I remember it well. We were in a restaurant and the topic (of course) turned to sex. I tried to call her on her promiscuity. (I never called her a slut in so many words, but it was implied in the statement. Heavily.) She didn't take it too well. I'd like to say I meant it with only the best of intentions, but to be perfectly honest I wanted to cut her back, in my clumsy way. Did she mean to hurt me? Very few of the cuts she inflicted were intentional on her part, but me being me I counted all of them as hurt, and punishable, therefore.

Unlike with Casey, I can actually pinpoint where the friendship began to turn dark. It unraveled from there, that point, that conversation. Unlike with Casey I can say that it was mostly my fault.

However, I do realize that it was in a way unavoidable. While we clashed, we pushed our friendship inexorably away from us.

When I hear Regina Spektor's song "Better" I think of her.

Thursday, December 13, 2007

Self Loathing


Goddamn, I am so full of self-loathing right now. I know I shouldn't allow myself to feel this way. To allow someone else to make me feel inferior. Eleanor Roosevelt would be so disappointed in me right now.

I saw this picture on Fark, expecting something funny and saw this. Shit. I look like that in jeans.

I thought of a post to leave:

"Well there aren't any jeans that look good on chubby chicks that are age appropriate. Mom jeans just aren't sexy."

Then I realized what the response would be: Chubby chicks just aren't sexy. It's not the jeans. It's not the shirt. It's your fucking gut that makes you look like a goddamn unattractive pig. Again with feeling:

Chubby chicks aren't sexy.

I am not sexy.

I guess the one good thing about having mono is that I'm going to lose weight.

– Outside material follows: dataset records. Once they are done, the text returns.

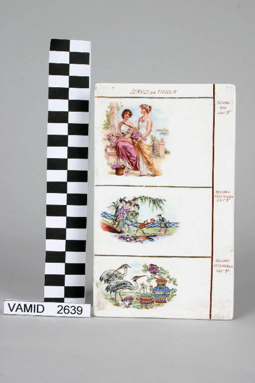 - NOTIZIE STORICO CRITICHE Piastrella realizzata a scopo di prova e come campionario dei decori prodotti dalla Società Ceramica Italiana di Laveno. Nel MIDC sono conservati diversi manufatti analoghi. La presenza della marca in verde con aquila ad ali spiegate e la scritta VERBANUM STONE indica una datazione entro il primo quarto del Novecento, considerato che intono al 1925 Guido Andlovitz fece sostituire tale marca con quella con la scritta Lavenia.
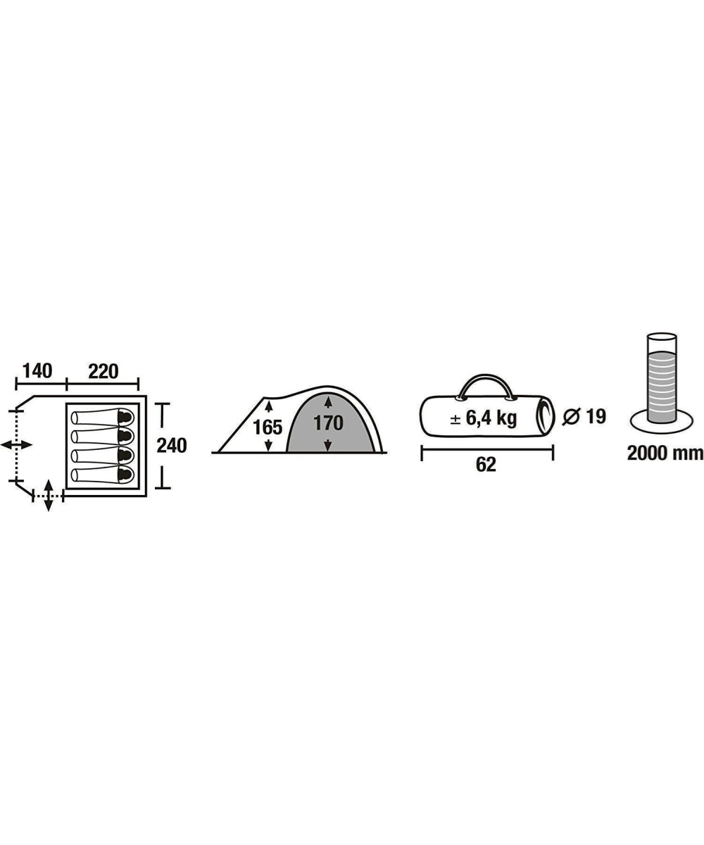 High Peak 10092 Tessin 4 tente dôme bleu brun foncé 360 x 240 x 170 cm
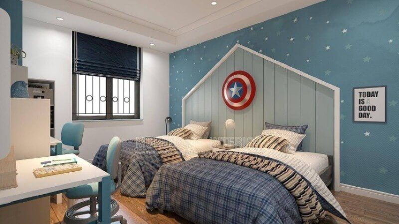 Một hình ảnh nhỏ với khẩu hiệu "Hôm nay là ngày tốt đẹp" trên nền bầu trời đầy sao sẽ làm tăng động lực cho bạn để chào đón một ngày mới với niềm vui thú. Bên cạnh đó, thiết kế nội thất phòng ngủ con trai với cửa sổ kính sẽ giúp con có thể hòa mình vào ánh bình minh mỗi khi thức dậy.
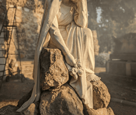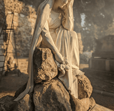 ¿Quién fue Enric Clarasó? Fue uno de los escultores modernistas más importantes de Cataluña. Amigo inseparable de Rusiñol y Casas (con quienes formó el trío bohemio del Cau Ferrat), su obra funeraria es muy apreciada por su sensibilidad y simbolismo, como se aprecia en este panteón.
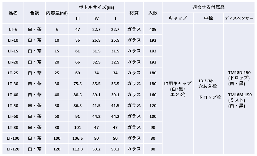 • 5ml~120mlの透明瓶と茶瓶のシリーズです。
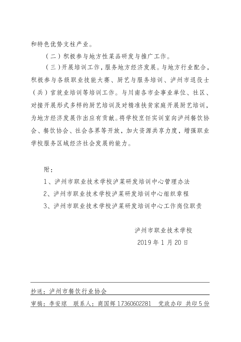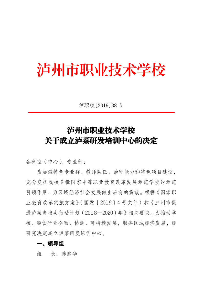 成立“泸菜研发培训中心”的文件
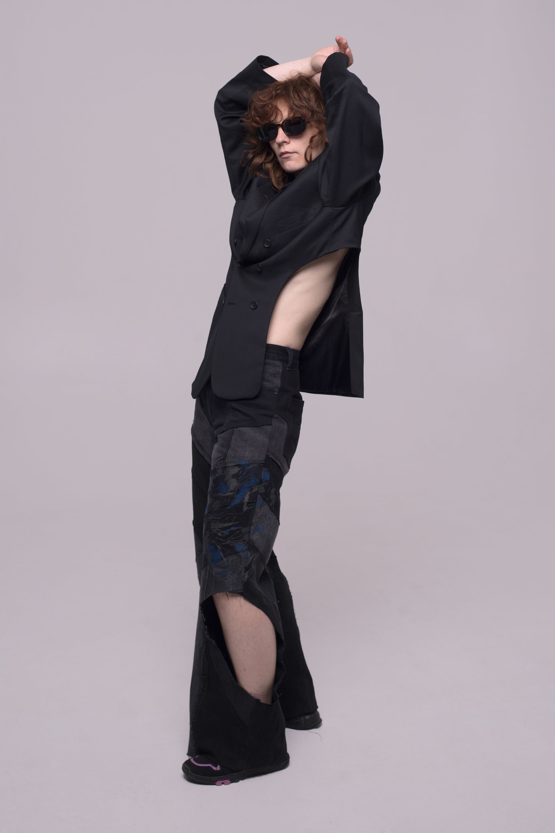 Oversized design. Double-breasted. Button fastenings through the front. The pockets, the shape of the collar, and tiny details can be slightly different, as each upcycle jacket is unique. We can assure you that the end result will be 90% close to the image you see.
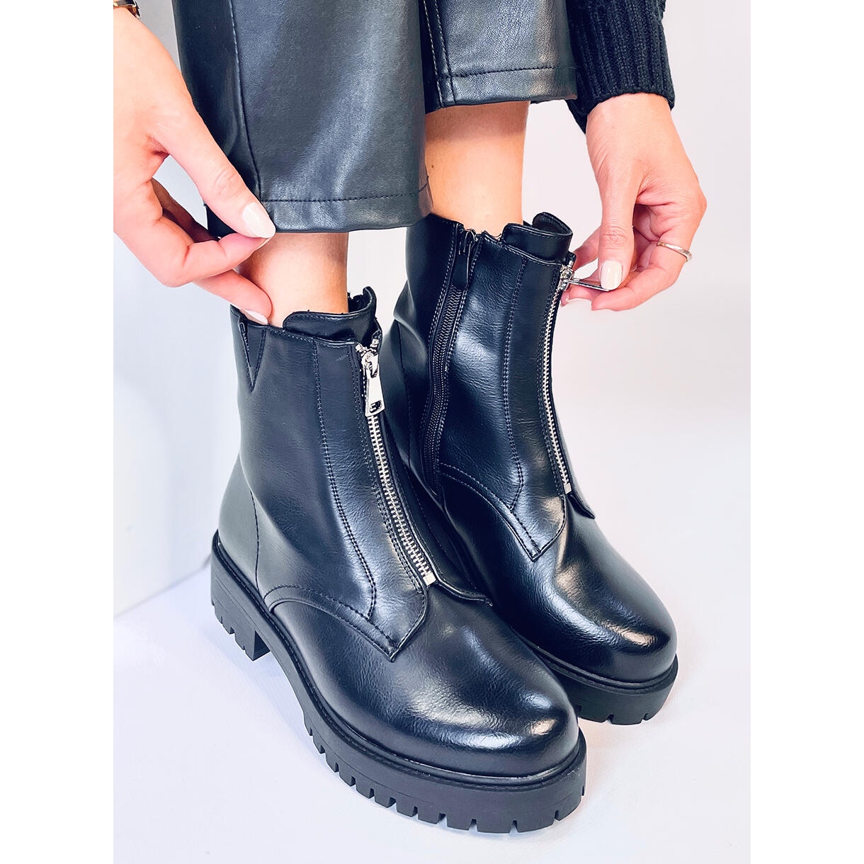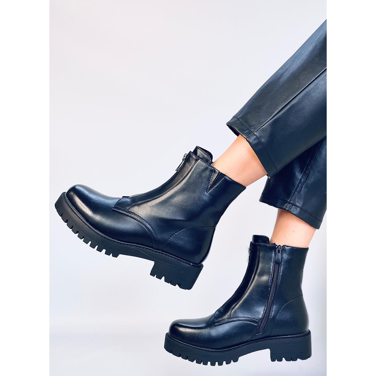 Les bottes avec protection et fermeture éclair sont des chaussures pour femmes de style militaire à la mode. Ils sont fabriqués dans un cuir noir écologique, lisse et qui s'accorde avec tout. Les chaussures ont un bout rond, un talon plat de 4 cm de haut et arrivent au-dessus de la cheville. La semelle est en matière synthétique. Un élément important de la chaussure est la fermeture éclair sur le devant, qui leur donne un look unique, ainsi que la fermeture éclair sur le côté de la tige - c'est la fermeture éclair qui sert à fermer les chaussures. Les bottes sont doublées de mousse, ce qui permet de les porter même les jours les plus froids. Les chaussures sont neuves, livrées dans l'emballage d'origine du fabricant. De par leur style universel, ces chaussures peuvent être portées au quotidien, avec des styles variés.
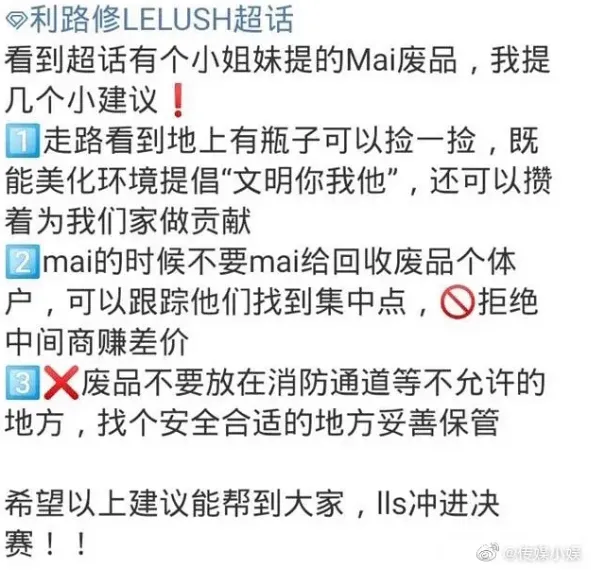 可惜缺德人,缺德魂!为了让利老师留到决赛,广大贫穷笋丝想出了“环保式应援”,填问卷、捡空瓶换钱还是要给他撑腰!
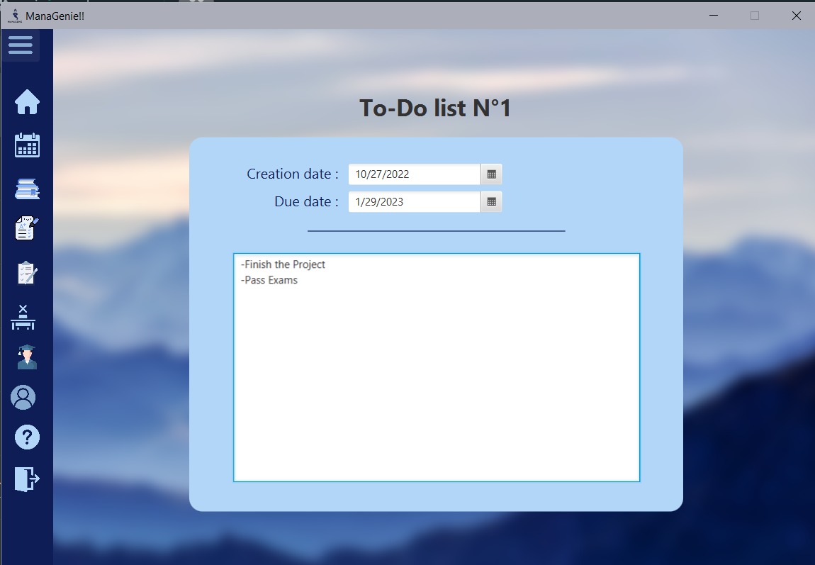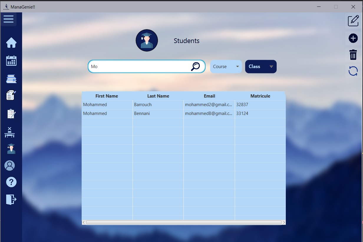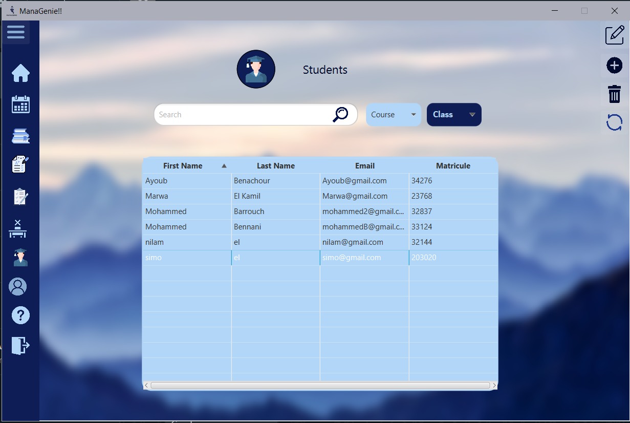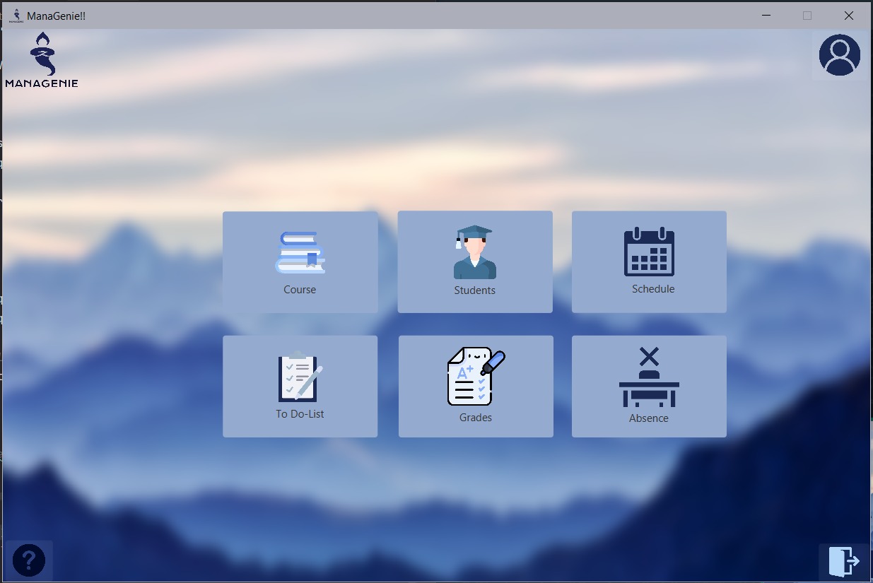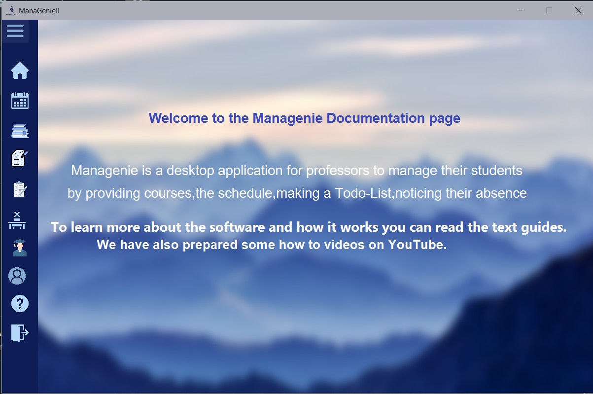 ManaGenie is a desktop management application for professors it helps them To add courses and grades , to add/modify, or delete students, ,to upload their plans, and also to make a to-do list, to notice the absence of students.
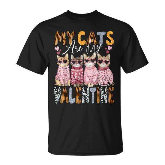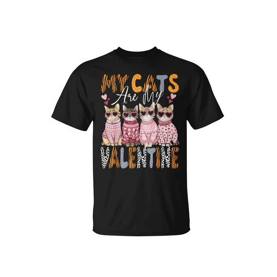 T-Shirt San Valentino con Gattino Carino, Manica Corta, Girocollo, Unisex, Stampa Digitale, Design per Amanti dei Gattini
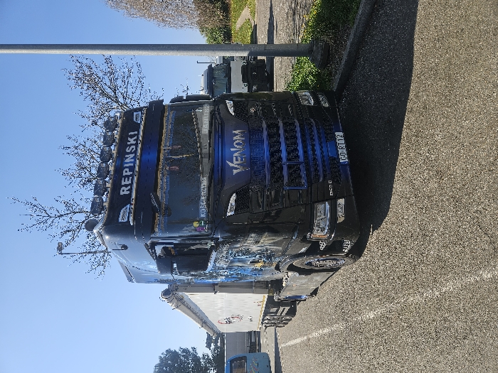 - "A black Scania S500 semi-truck, registered with Polish license plate GO-RT12, is parked on an asphalt surface with a white dashed line marking in the city of Ger, France" by FM-bCw3N2, licensed under CC BY 4.0
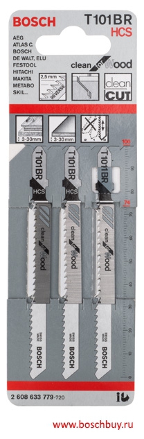 Пилка для лобзика Clean for Wood, T 101 BR, набор 3 пилки по дереву с обратным зубом (2 608 633 779, 2608633779, 2.608.633.779)

I've been trying most of this semester to lose weight, but unsuccessfully. Mostly I tried to diet. Tried being the operative verb here. It's hard to diet in the dorms with Bruce food. Maple food isn't really all that much better. They just replace fat with carbs and limit your entrée (usually the protein!) to just one serving. Not so good.

I just got started going back to the gym and was going to ask for a membership at the 24 Hour Fitness center a few miles away from home for an early Christmas present, but the mono got in the way of that.